Exercise
This task asks for the lines from the one with "நன்றி, ஆனால், பாதிக்கப்பட்டவருக்கு" to the final line below, repeated exactly, with pictures omitted.

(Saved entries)
##############################

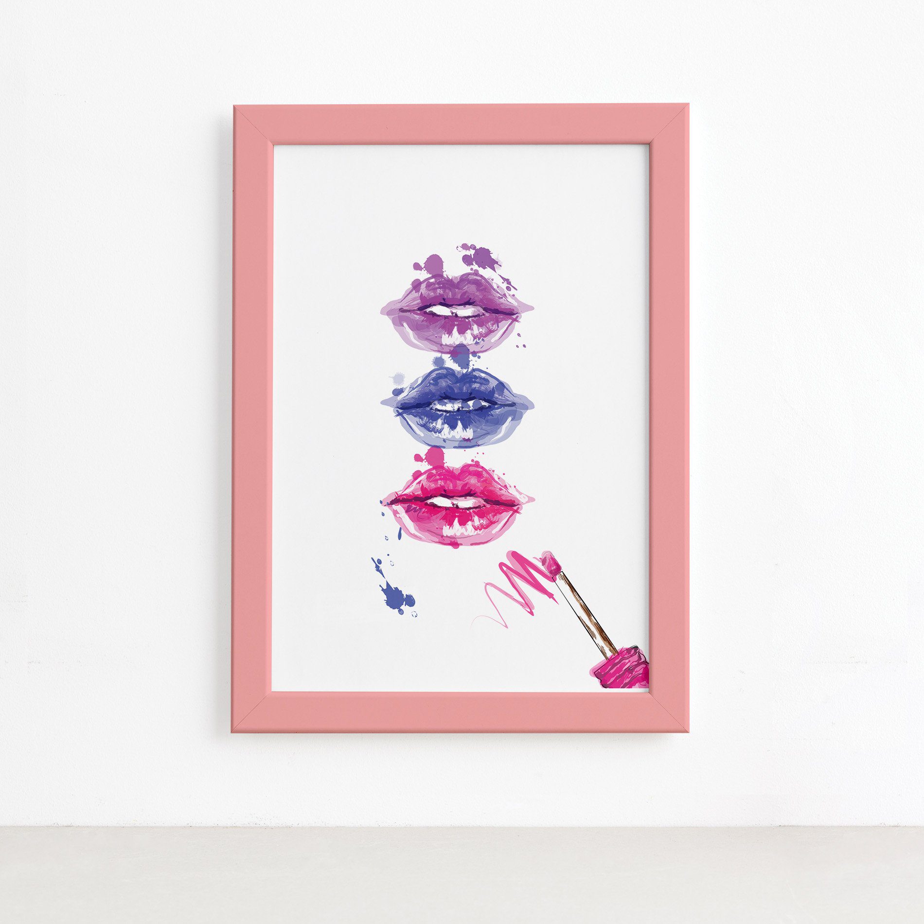 Quadro Maquiagem Bocas Trio Moldura Rosa 22x32cm
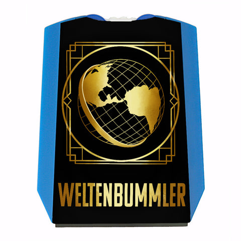 Weltenbummler Parkscheibe mit goldenem Globus und Reisemotiv
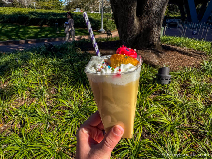 It’s made with a unique yellow cake soft-serve and also features Twinings English Breakfast Tea. Of-age guests can try it with whipped cream vodka for $12.50. We tried the alcoholic option, which immediately brought to mind classic birthday cake ice cream. The shake is topped with an adorable cupcake that adds to its visual appeal. When the cupcake is left in the shake long enough, the cupcake absorbs the surrounding flavors, enhancing the overall experience. Sweet, nostalgic, and well-executed, this was an enjoyable and whimsical treat.
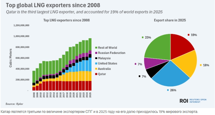 Катар является третьим по величине экспортером СПГ, и в 2025 году его доля в мировом экспорте составила 19%.
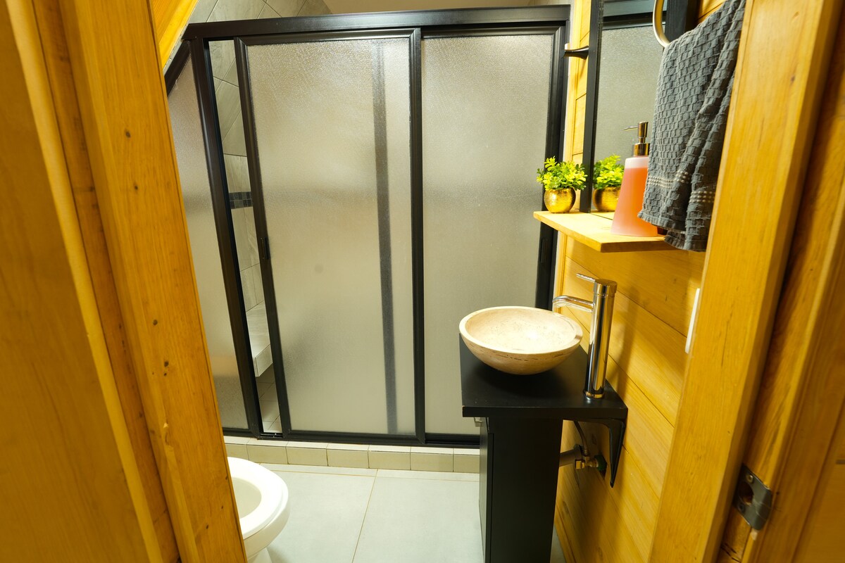 Disfruta de un lugar único, en la privacidad de una cabaña alpina ecológica de dos pisos, situada en un terreno de 4 hectáreas de pinos en medio del bosque. Cuenta con 2 amplias recámaras, la superior tiene techo panorámico para disfrutar del increíble cielo estrellado desde la comodidad de tu cama. Además tiene wifi satelital, cocina equipada, amplia área de sala/comedor con ventanal, tapanco con sofá cama, terraza con mesas al aire libre, asador de carbón y área de juegos infantiles.
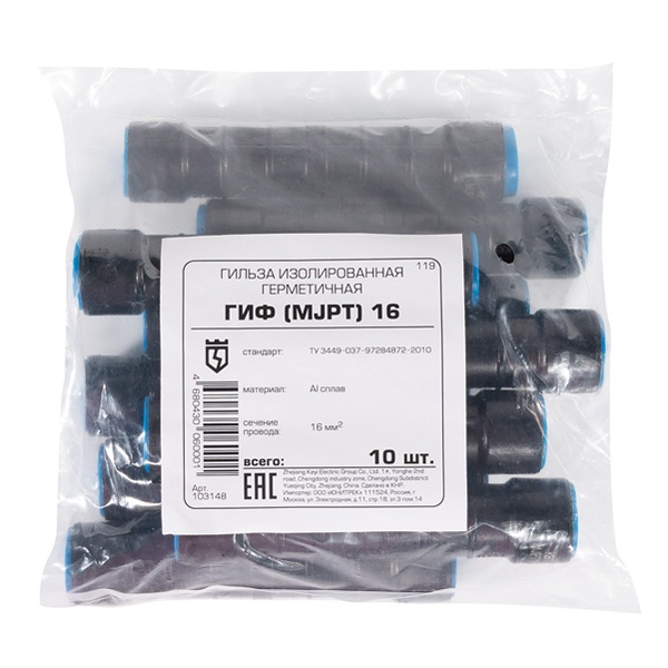 Гильза КВТ изолированная герметичная ГИФ (MJPT) предназначена для надежного соединения фазных магистральных проводов СИП. Обеспечивает прочное электрическое соединение с защитой от влаги и внешних воздействий благодаря герметичной изоляции. Идеально подходит для использования в наружных и внутренних электрических сетях, обеспечивая долговечность и безопасность соединений.
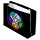 Artistically drawn, luminous pentagram with five magical elements, water, earth, fire, astral, air on black background. Wiccan pentagram. Wicca
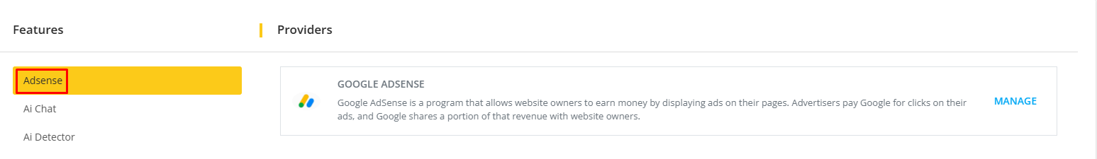 We currently have a single provider available for Adsense which is Google Adsense. If the admin wants to configure the settings of the provider then he can click on the Manage option on the provider section which will take the admin to the configuration page of that provider.
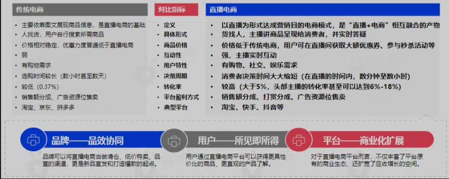 相对于传统电商,直播电商具备更加丰富、更立体的商品展现形式、更加即时的互动效果等多方优势,实现了由“人找货”到“货找人”的转变。
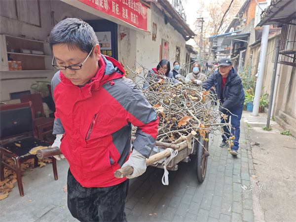 清掃工作隨即展開,社區(qū)工作人員、城管隊員與居民志愿者分組協(xié)作,逐院逐角推進(jìn)清理。經(jīng)過三天連續(xù)奮戰(zhàn),累計清運枯枝落葉近十車,徹底清除了堆積數(shù)月的安全隱患,院內(nèi)公共空間重現(xiàn)整潔通暢。
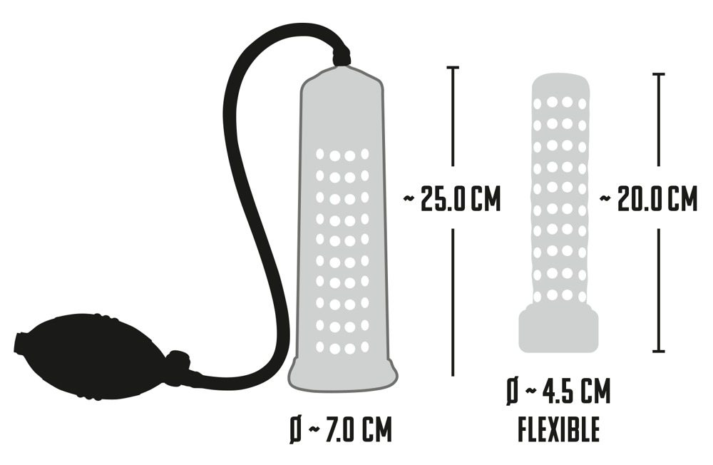 Gjennomsiktig penispumpe med nuppete mansjett inni (diameter 4,5 cm, tøyelig, lengde ca. 20 cm) og hendig pumpeball. På måleskalaen kan du lese av framgangen. Med sikkerhets-trykkventil. Sylinderen er ca. 25 cm lang. Materiale: ABS, TPE (mansjett), PVC (pumpeball).
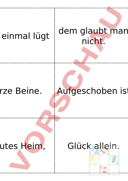 Vorlage für Memory Karten zur Festigung von Sprichwörtern.
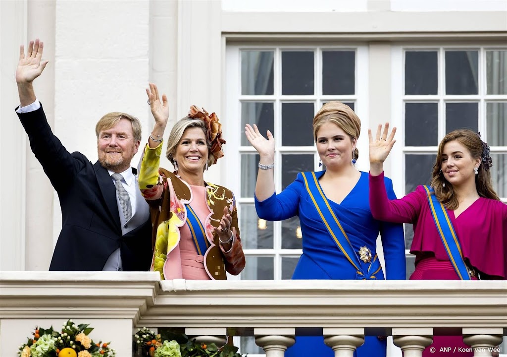 Op het balkon stonden naast de koning en koningin ook de prinsessen Amalia en Alexia, prins Constantijn en prinses Laurentien. Na korte tijd gingen ze weer naar binnen.
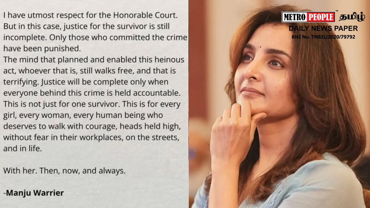 நன்றி, ஆனால், பாதிக்கப்பட்டவருக்கு நீதி இன்னும் முழுமையாக கிடைக்கவில்லை” என பாதிக்கப்பட்ட நடிகையின் கருத்தை ஆமோதிக்கும் விதமாக திலீப்பின் முன்னாள் மனைவி மஞ்சு வாரியர் சமூக வலைத்தளத்தில் பதிவிட்டுட்டுள்ளார்.
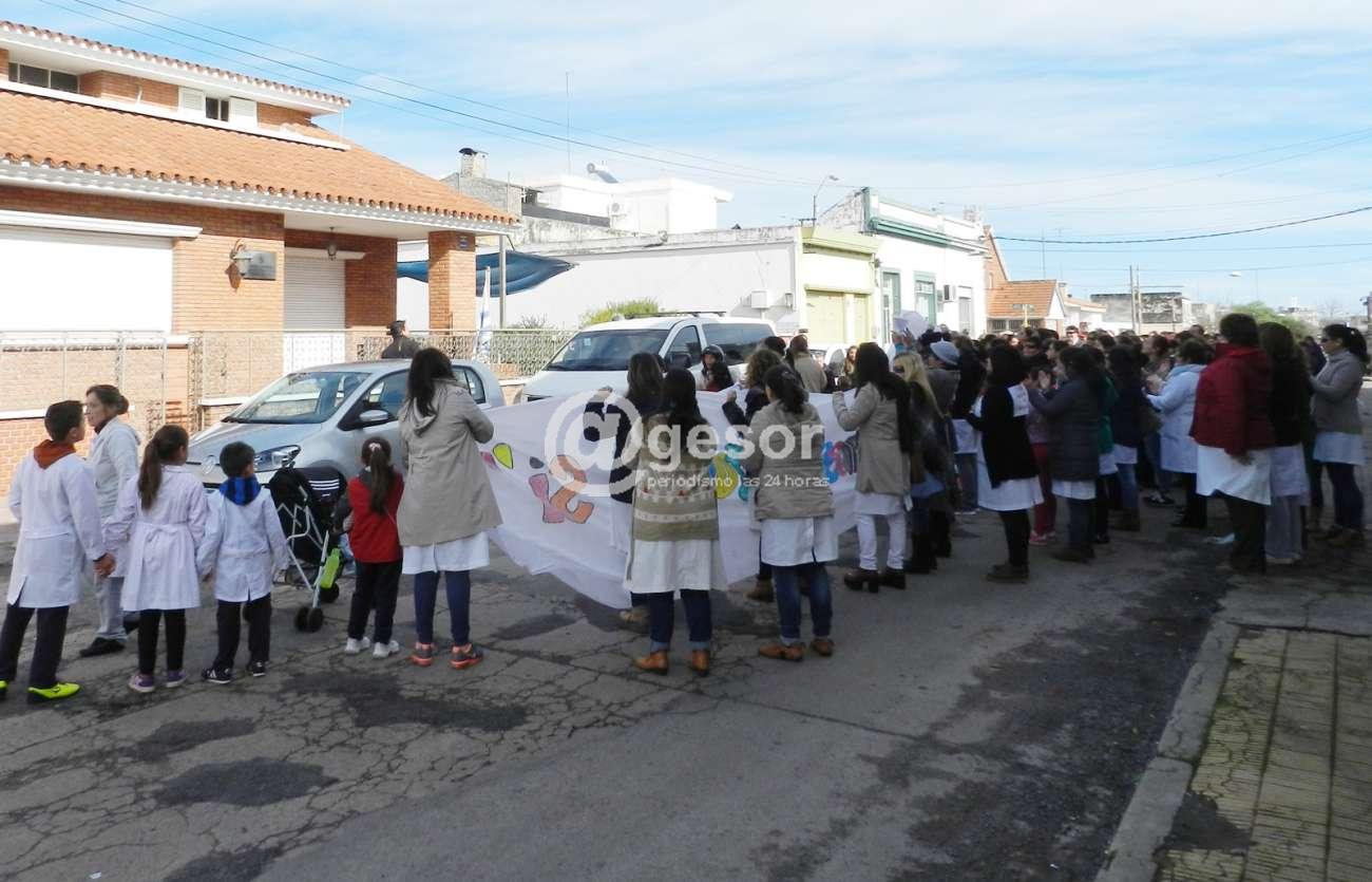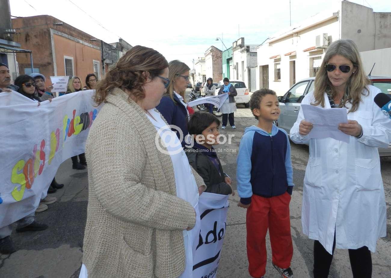 En el marco de la marcha que realizaron al mediodía de este viernes los maestros sorianenses tras la agresión sufrida por maestra de Inicial de la Escuela 24, por parte de una madre de alumno de esa clase, los docentes realizaron una parada frente a la sede del Juzgado de Primer Turno de Primera Instancia de Mercedes, donde se lleyó la proclama, de igual texto a la que se dio lectura frente a la Inspección Departamental de Primaria. Allí también la Presidenta de ADEMU Soriano, maestra Ana Paula Sánchez, confirmó que la maestra agredida y la escuela a la que concurre dicha docente, presentaron denuncia por la agresión sufrida. De acuerdo a lo que pudo averiguar @gesor, la denuncia fue presentada ante la seccional 2a. de Policía, por corresponderle jurisdicción, siendo enterada la sede judicial, y el magistrado actuante dispuso las actuaciones correspondientes y elevación de antecedentes.

##############################

Task result
 நன்றி, ஆனால், பாதிக்கப்பட்டவருக்கு நீதி இன்னும் முழுமையாக கிடைக்கவில்லை” என பாதிக்கப்பட்ட நடிகையின் கருத்தை ஆமோதிக்கும் விதமாக திலீப்பின் முன்னாள் மனைவி மஞ்சு வாரியர் சமூக வலைத்தளத்தில் பதிவிட்டுட்டுள்ளார்.
 En el marco de la marcha que realizaron al mediodía de este viernes los maestros sorianenses tras la agresión sufrida por maestra de Inicial de la Escuela 24, por parte de una madre de alumno de esa clase, los docentes realizaron una parada frente a la sede del Juzgado de Primer Turno de Primera Instancia de Mercedes, donde se lleyó la proclama, de igual texto a la que se dio lectura frente a la Inspección Departamental de Primaria. Allí también la Presidenta de ADEMU Soriano, maestra Ana Paula Sánchez, confirmó que la maestra agredida y la escuela a la que concurre dicha docente, presentaron denuncia por la agresión sufrida. De acuerdo a lo que pudo averiguar @gesor, la denuncia fue presentada ante la seccional 2a. de Policía, por corresponderle jurisdicción, siendo enterada la sede judicial, y el magistrado actuante dispuso las actuaciones correspondientes y elevación de antecedentes.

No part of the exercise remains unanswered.